122 bug-fixes (total: 9,167)
177 commits (total: 30,606)
0 new public libcurl function (total: 91)
1 new curl_easy_setopt() option (total: 303)

4 new curl command line option (total: 255)
55 contributors, 34 new (total: 2,922)
35 authors, 20 new (total: 1,170)
1 security fixes (total: 146)

Release presentation

On 10:00 CEST (08:00 UTC) on Wednesday July 19, Daniel will live-stream the curl 8.2.0 presentation on twitch.

Security

fopen race condition (medium)

CVE-2023-32001. libcurl can be told to save cookies, HSTS and/or alt-svc data to files. When doing this, it called stat() followed by fopen() in a way that made it vulnerable to a TOCTOU (Time of Check, Time of Use) race condition problem.

By exploiting this flaw, an attacker could trick the victim to create or overwrite protected files holding this data in ways it was not intended to.

Changes

curl: add –ca-native and –proxy-ca-native

The command line tool (and library) got new options to ask it to use the systems “native” CA storage. Currently only work on Windows when curl is built to use an OpenSSL fork.

curl: add –trace-ids

This option makes the trace log files include connection and transfer identifiers, which greatly helps debugging transfers doing many (parallel) transfers.

CURLOPT_MAIL_RCPT_ALLOWFAILS replaces CURLOPT_MAIL_RCPT_ALLLOWFAILS

Provide the option without the typo!

add –haproxy-clientip flag to set client IPs

Now users of the tool (and library) pass on specific IP addresses instead of simply using the current one.

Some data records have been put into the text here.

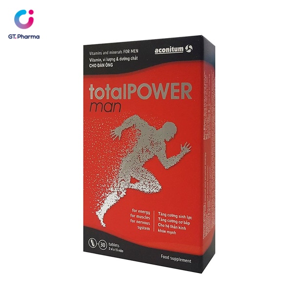 Viên uống Total Power Man là sản phẩm vitamin tổng hợp cung cấp năng lượng toàn diện cho nam giới. Được nhập khẩu trực tiếp từ Châu Âu, Total Power Man không chỉ đảm bảo đầy đủ dưỡng chất thiết yếu cho cơ thể mà còn giúp nam giới duy trì sức khỏe, sự cường tráng, chất lượng tinh trùng.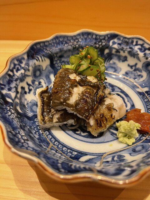 ふぐの白子はしっかり焦げ目がついて、香ばしさと白子のまろやかさが絶妙。
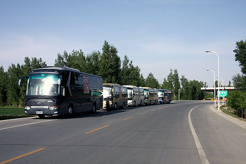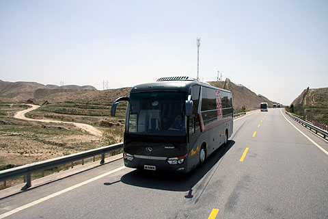 5月10日,我顺利在兰州与大金龙2008发现之旅车队会合,向新疆迈进,自从4月下旬在太原与车队短暂告别之后,在兰州又回到5辆车(1号车:大金龙龙威XMQ6129Y;2号车:XMQ6900Y;3号车:XMQ6117Y;4号车:XMQ6126Y;5号车:XMQ6140Y)的身旁,很是亲切。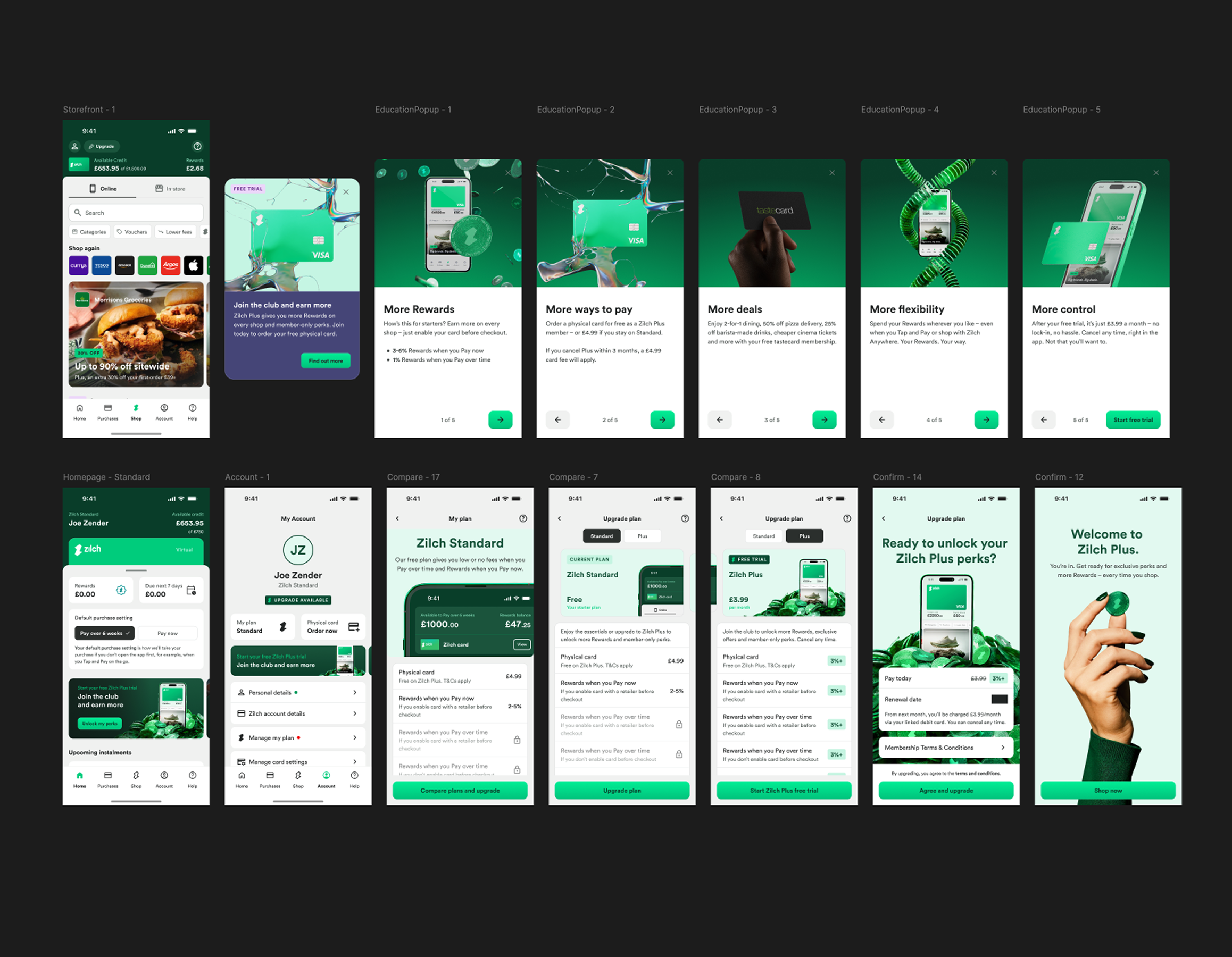 In parallel to the discovery research I was carrying out to validate Zilch Plus, I began working through the screens, flows and touchpoints we needed for launch. I generated a rough set of screens to enable early alignment with product and engineering about what the scope of the project would be.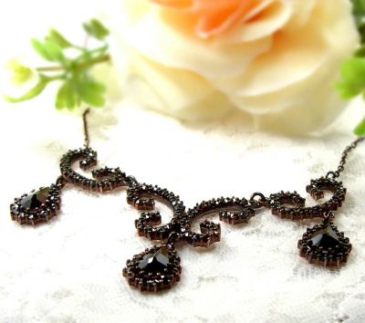 This impressive drippy necklace is set with 133 original Bohemian garnets surrounding three pearshaped garnets measuring 0.35 x 0.23 inch.in a fine burgundy darkred color. The necklace\'s center is 1.5 inch high and 3.0 inch wide.The garnets are set in Sterling Silver 925 with a rosegoldplating like it was usual in the old days. The length of the necklace is 17.5 inch and could be adjusted to every length you tell us (for free)The chain is closed in the neck with a springring.The weight of this necklace is 12 grams. The size of the necklace can be seen on the last picture where I added an inch ruler and a coin to compare with.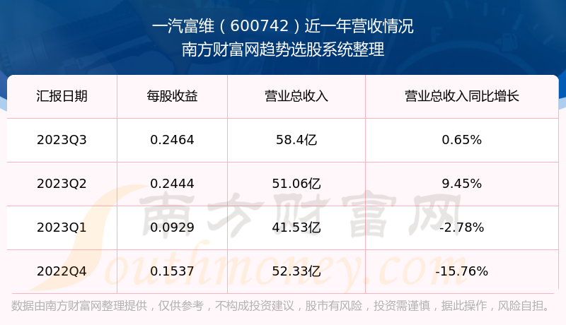 按照南方财富网趋势选股系统统计,该股所属板块为汽车保险杠板块,该板块共有1只股票,一汽富维2023第四季度营收在该板块中排名为第1名,该板块2023第四季度营收排名前十的股票如下表: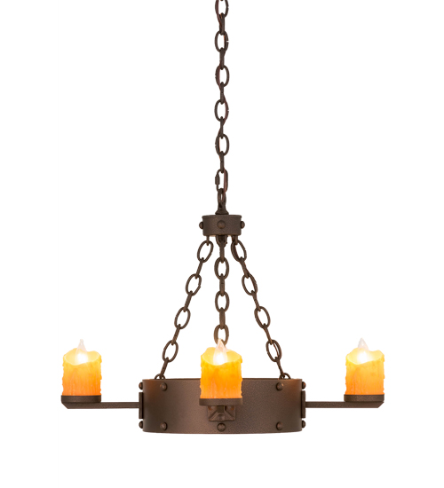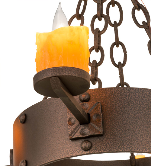 Welcome Gothic Revival into your home or business with the stunning Kingston Chandelier, which integrates a rustic motif with distinctive styling. 8 Amber faux candles perched atop holders on a solid steel decorative ring provide beautiful ambient lighting that conjures up images of romanticized days. Decorated with medallions and featured in a Matte Copper Vein finish, the chandelier is custom crafted in Yorkville, New York by artisans. The fixture is available in custom sizes, styles and colors, as well as dimmable energy efficient lamping options such as LED. Kingston is UL and cUL listed for damp and dry locations.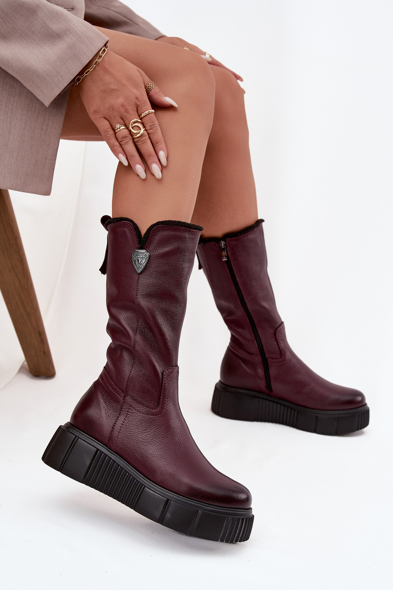 Dámské kožené kozačky s vlnou Zazoo 70121 bordó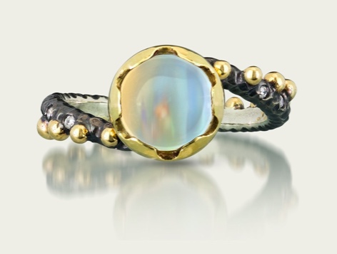 I am a sucker for opalescent gems, such as the large moonstone set in the centre of this ring by Svetlana Lazar. She describes the piece s, “A sense of undulating motion emanates from this twist on our Wishing Well collection. Inspired by a guardian sea creature of our own mythology, a hand carved Dragon Scale shank is accented with flush set diamonds, fused 18 karat gold granules, and crowned by a glowing Rainbow Moonstone cabochon set within an 18 karat gold scalloped bezel.”

add CURLINFO_CONN_ID and CURLINFO_XFER_ID

Two options that allows the application to extract the connection and transfer “Id” of the current transfer, presumably from a debugfunction callback and the likes.

Bugfixes

We have again fixed more than a hundred problems in this release cycle. Here follows a subset that I suspect might be among the most interesting ones.

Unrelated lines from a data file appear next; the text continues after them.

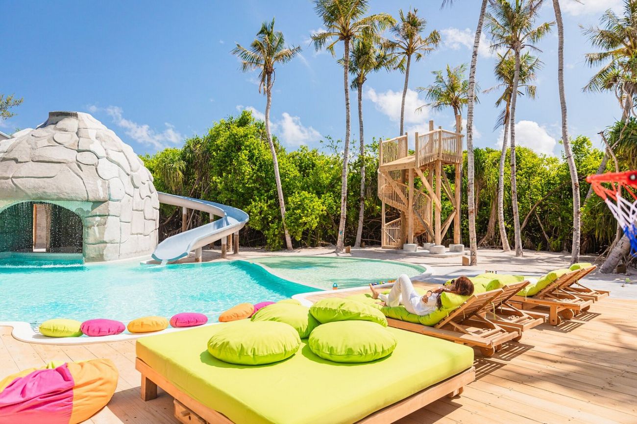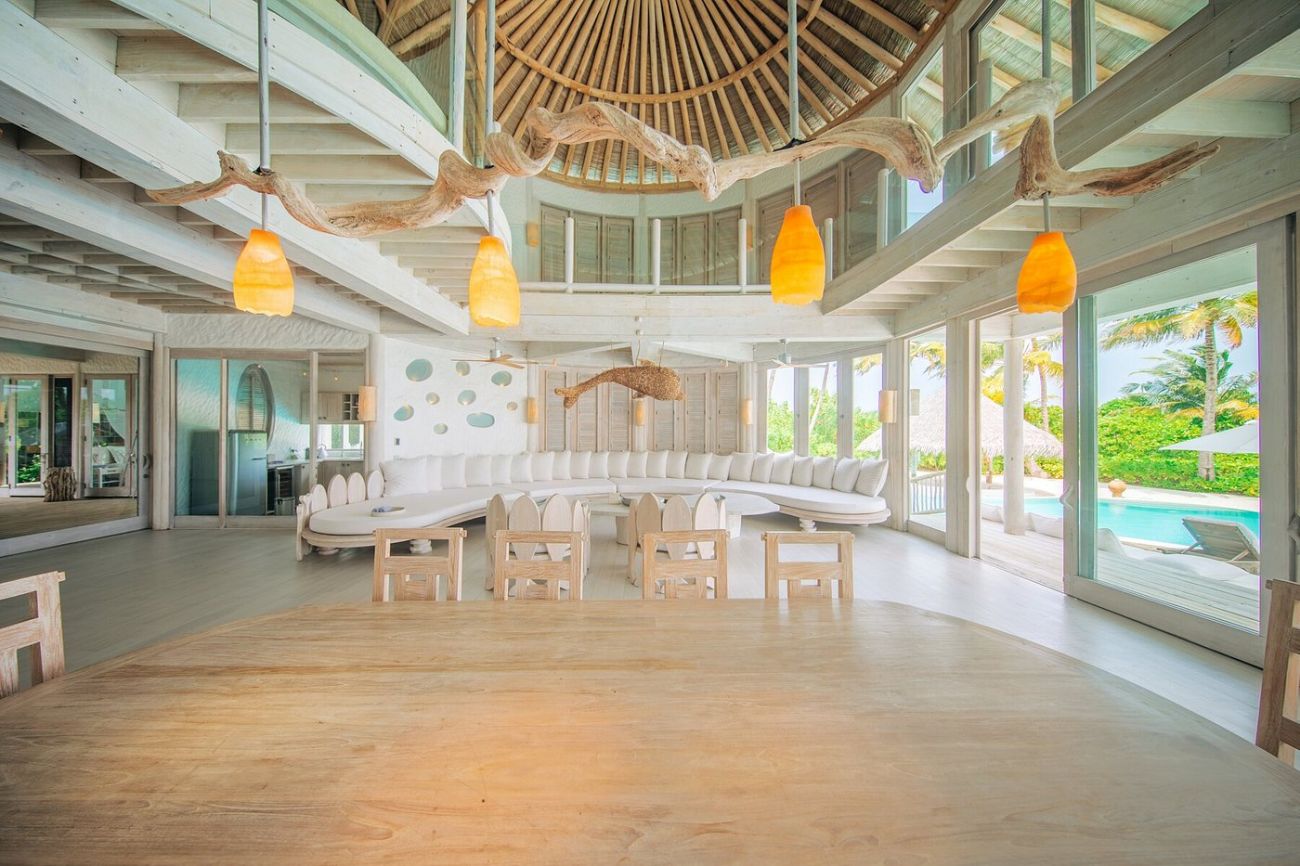 • 1 Four Bedroom Water Retreat with Slid (1291 кв.м) е вила на два нива в северната част на острова. На партерния етаж - две спални с двойно легло, офис, съблекалня, 2 бани, парна баня, сауна, хол с трапезария, тераса с водна пързалка, с басейн със солена вода и хамаци над водата, шезлонги и спускане в океана. На втория етаж има спалня с двойно легло, детска спалня, фитнес зала, баня с душ. Максималното настаняване е 10 възрастни или 8 възрастни и 6 деца.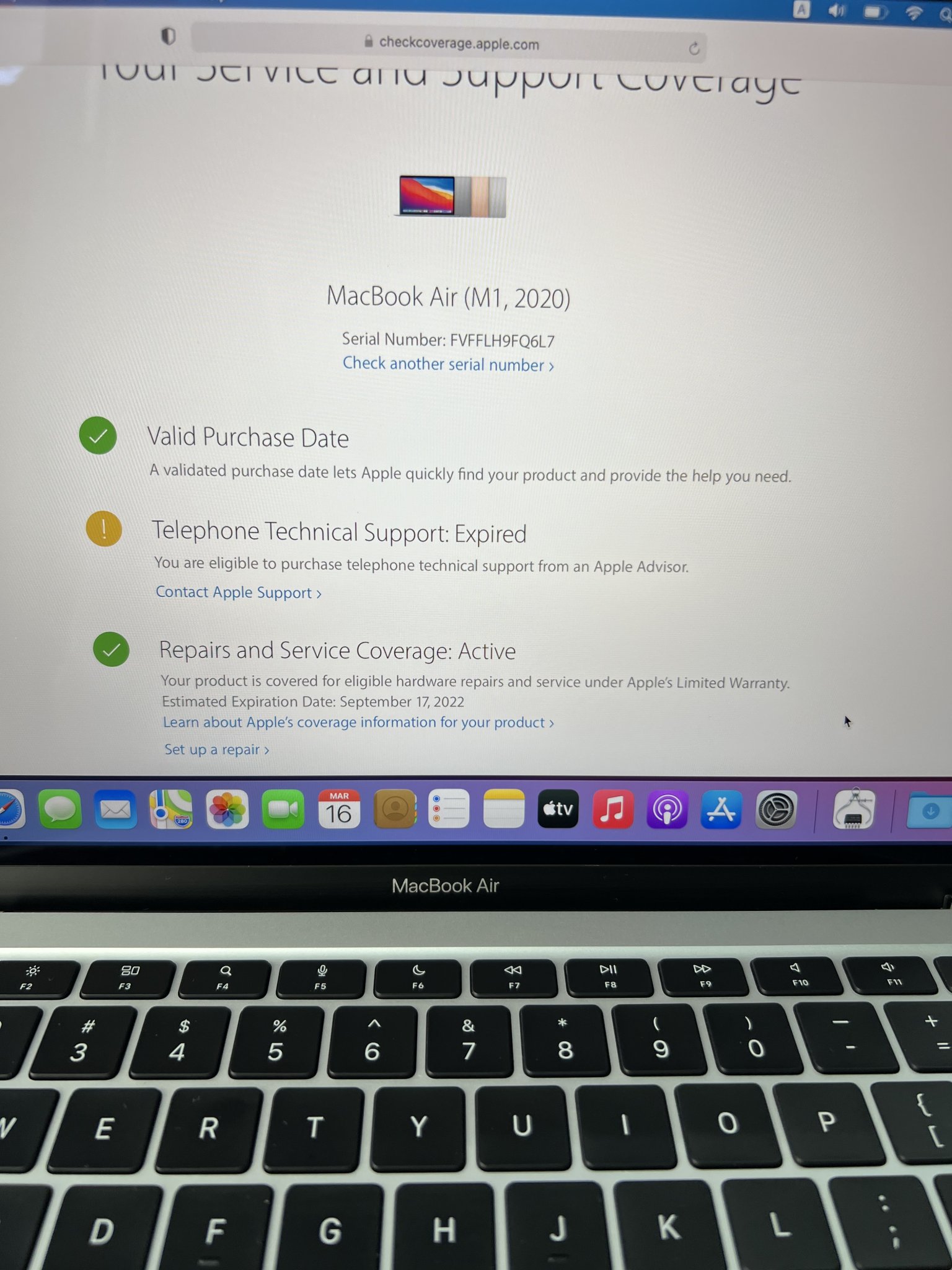 MacBook Air M1 silver ram8/256 Bh 9/2022 apple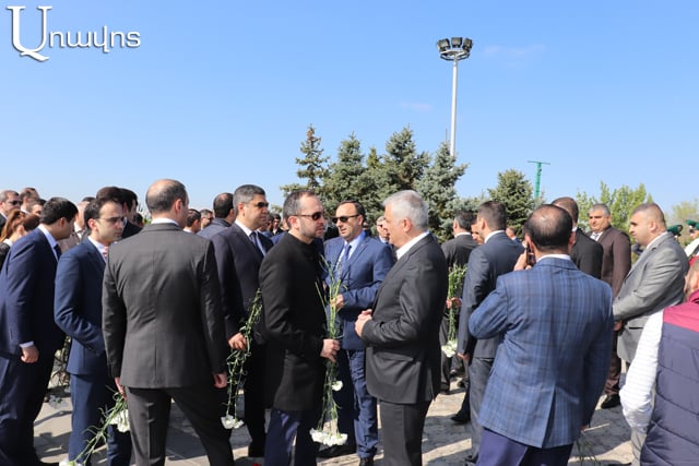 Ավելի վաղ հուշահամալիր այցելեց նախկին պաշտոնյա Վաչե Գաբրիելյանը: Լրագրողների հարցերին նա չցանկացավ պատասխանել, միայն ասաց, որ յուրաքանչյուր հայի պարտքն է այսօր խնկարկել զոհերի հիշատակը: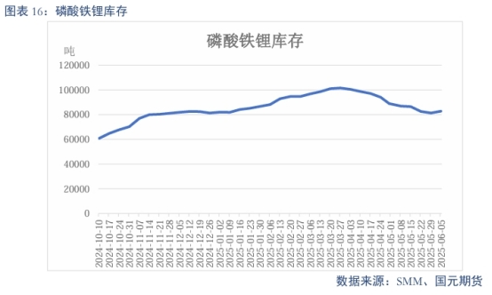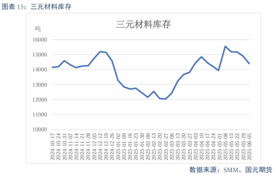 截至6月5日,SMM三元材料庫存為14406噸,較上周減488噸;磷酸鐵鋰庫存為82800噸,較上周增1422噸。

examples: we’ve added and extended numerous

The ambition is to gradually over time provide examples that show use of all curl_easy_setopt options. We are still way off from that.

http2: numerous smaller and larger fixes

Several regressions and cleanups have been done that improves how HTTP/2 works compared to previous releases.

http2: send HEADER and DATA together

When sending POST requests, libcurl now does a better job in putting the initial outgoing HEADER and DATA frames together, most likely in the same TLS frame.

http3: upload EAGAIN handling

EAGAIN handling for HTTP/3 uploads was fixed, like it was for HTTP/2 as well.

http: fix the outgoing Cookie: header length check

The check that would prevent too long outgoing cookie headers was off by up to a few hundred bytes.

libssh2: use custom memory functions (again)

Bring back use of custom memory functions with libssh2 as otherwise it actually cannot be used with a debug build of curl (or when libssh2 is used as a DLL on windows) due to naive presumptions in the libssh2 API.

runtests: many improvements, leading to -j

Introducing parallel tests.

sectransp: fix EOF handling

A regression caused curl misbehave on end of connection using TLS when built to use Secure Transport.

timeval: use CLOCK_MONOTONIC_RAW if available

For platforms with this clock option, curl now prefers that in an effort to avoid a time that can go backwards.

tool_writeout_json: fix encoding of control characters

The output of control codes in the generated JSON with --json now works better.

urlapi: have *set(PATH) prepend a slash if one is missing

Setting a path using the URL API without a leading slash would previously generate a broken URL when it was extracted. Starting now, libcurl will prepend a slash if there is none.

urlapi: scheme must start with alpha

The URL parser would previously allow a few other characters to start a scheme as well. No more.

tool_parsecfg: accept line lengths up to 10M

The config file parser now allows lines to be up to 10 megabytes. For those odd users generating files with huge data components embedded.